根据数据集中的类别，创建形如下面格式的映射文件，放在文件夹annotations中。并将该文件的后缀名定义为.pbtxt，名称不限制，示图，注意类别之间不要留有空格。

4.2.4 转.xml为.record格式

python程序

#!/usr/bin/env python
# author:AnFany
# datetime:2020/12/9 16:16

# 将.xml格式转化为tfrecord格式的数据文件

import os
import glob
import pandas as pd
import io
import xml.etree.ElementTree as ET
os.environ['TF_CPP_MIN_LOG_LEVEL'] = '2'    # Suppress TensorFlow logging (1)
import tensorflow.compat.v1 as tf
from PIL import Image
from object_detection.utils import dataset_util, label_map_util
from collections import namedtuple

# .pbtxt文件路劲
PathPbtxt = r'E:\odapi_gwt\models\workspace\training_demo_RiverFloatage\annotations\river_floatage.pbtxt'

def xml_to_df(pxf, ppb=PathPbtxt):
    # 根据pbtxt文件，将字符串的类别变为数字类别
    label_map = label_map_util.load_labelmap(ppb)
    label_map_dict = label_map_util.get_label_map_dict(label_map)

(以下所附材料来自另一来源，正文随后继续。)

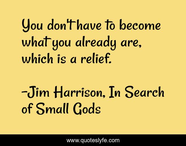 This page presents the quote "You don't have to become what you already are, which is a relief.". Author of this quote is Jim Harrison, In Search of Small Gods. This quote is about destiny, identity,.
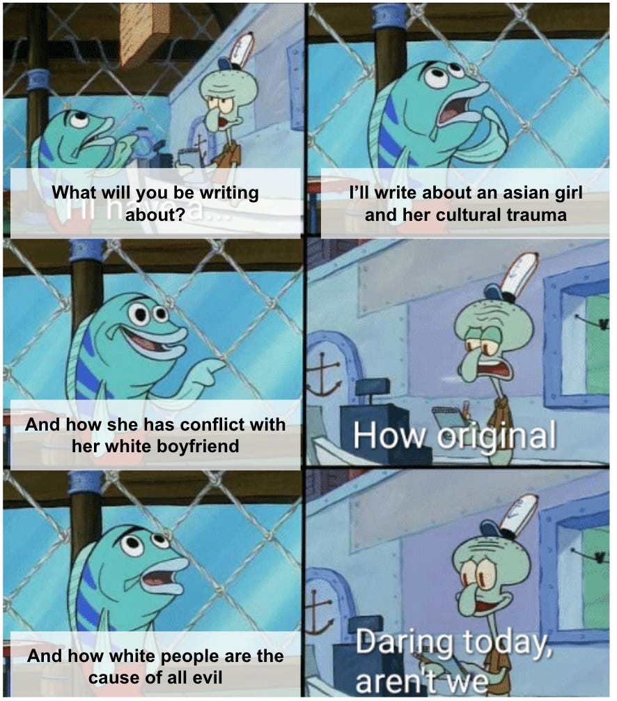 Circling back to WMAF authors — regardless of the author’s relationship status, building a story on the low hanging fruit of White microaggressions is not the same thing as building a story on Asian, or non-White relationships or friendships or conflicts or resilience.
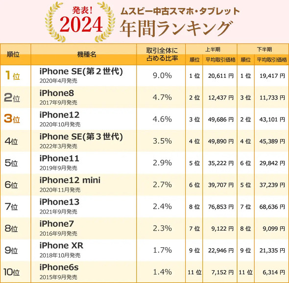 ウェイブダッシュは、12月26日に同社が運営するフリーマーケットサイト「ムスビー」内で2024年の中古スマホ/タブレット年間取り引き数ランキングを発表した。2024年に取り引きのあった全730機種を対象としている。
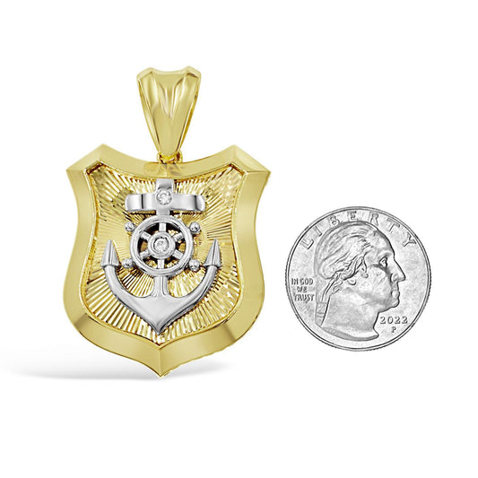 14K Two Tone Gold Mens Anchor Wheel Shield Pendant Nautical Charm 2 inch
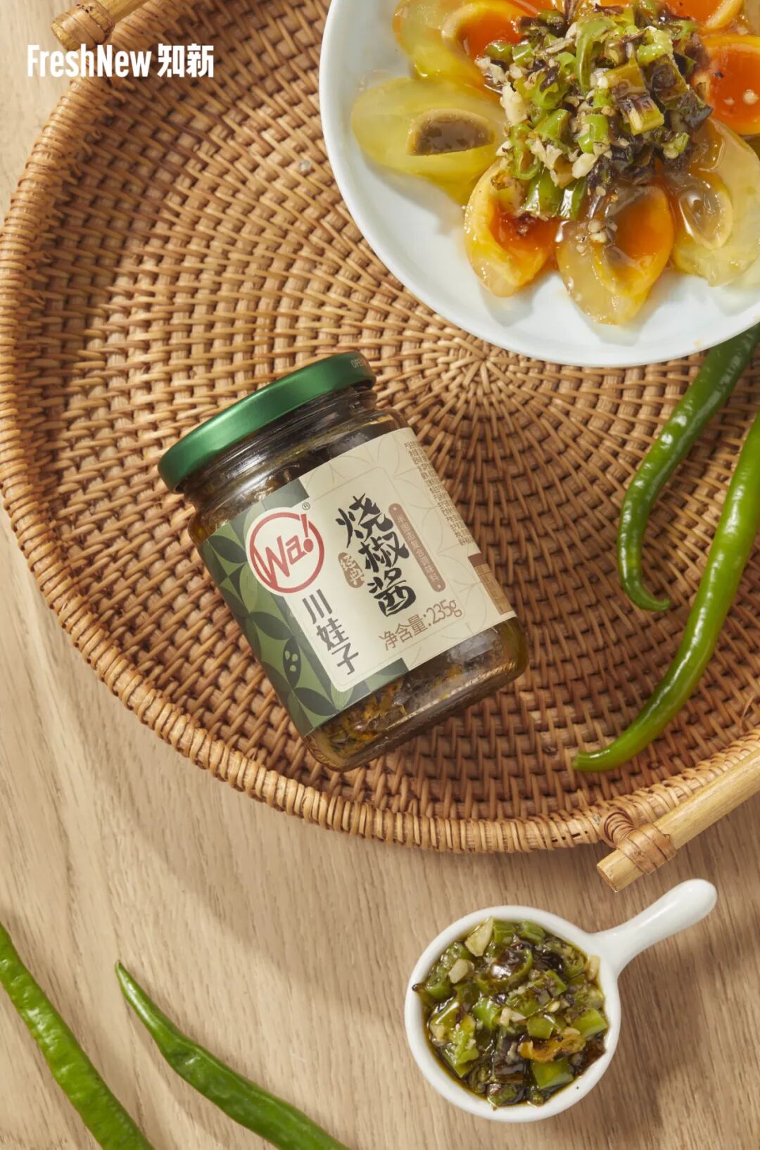 这款“烧椒酱”选用新鲜碧绿二荆条辣椒,以及个头饱满的大蒜,采用地道配方及制作工艺,先将辣椒烧出点点虎皮,再切碎炒制。整体风味中既有炭香,又有椒香,鲜香爽口。从一根二荆条到一瓶烧椒酱,在从田间到餐桌的整个转化过程中,「川娃子」依托「新希望」集团的资源整合优势,缩短运输以及制作时间,致力于将自然馈赠的这份“鲜”,最大程度地呈现给消费者。

    # 遍历.xml文件，将文件中的内容合并成pandas的DataFrame格式
    xml_list = []
    for subfile in os.listdir(pxf):
        name, prex = subfile.split('.')
        if prex == 'xml':
            # 解析XML文件
            tree = ET.parse('%s/%s' % (pxf, subfile))
            root = tree.getroot()
            for member in root.findall('object'):
                value = (root.find('filename').text,  #对应的图片
                         int(root.find('size')[0].text),  # 图片的宽度
                         int(root.find('size')[1].text),  # 图片的高度
                         member[0].text,  # 类别
                         int(member[4][0].text),          # x最小
                         int(member[4][1].text),          # y最小
                         int(member[4][2].text),          # x最大
                         int(member[4][3].text)           # y最大
                         )
                xml_list.append(value)
        column_name = ['filename', 'width', 'height', 'class', 'xmin', 'ymin', 'xmax', 'ymax']
        xml_df = pd.DataFrame(xml_list, columns=column_name)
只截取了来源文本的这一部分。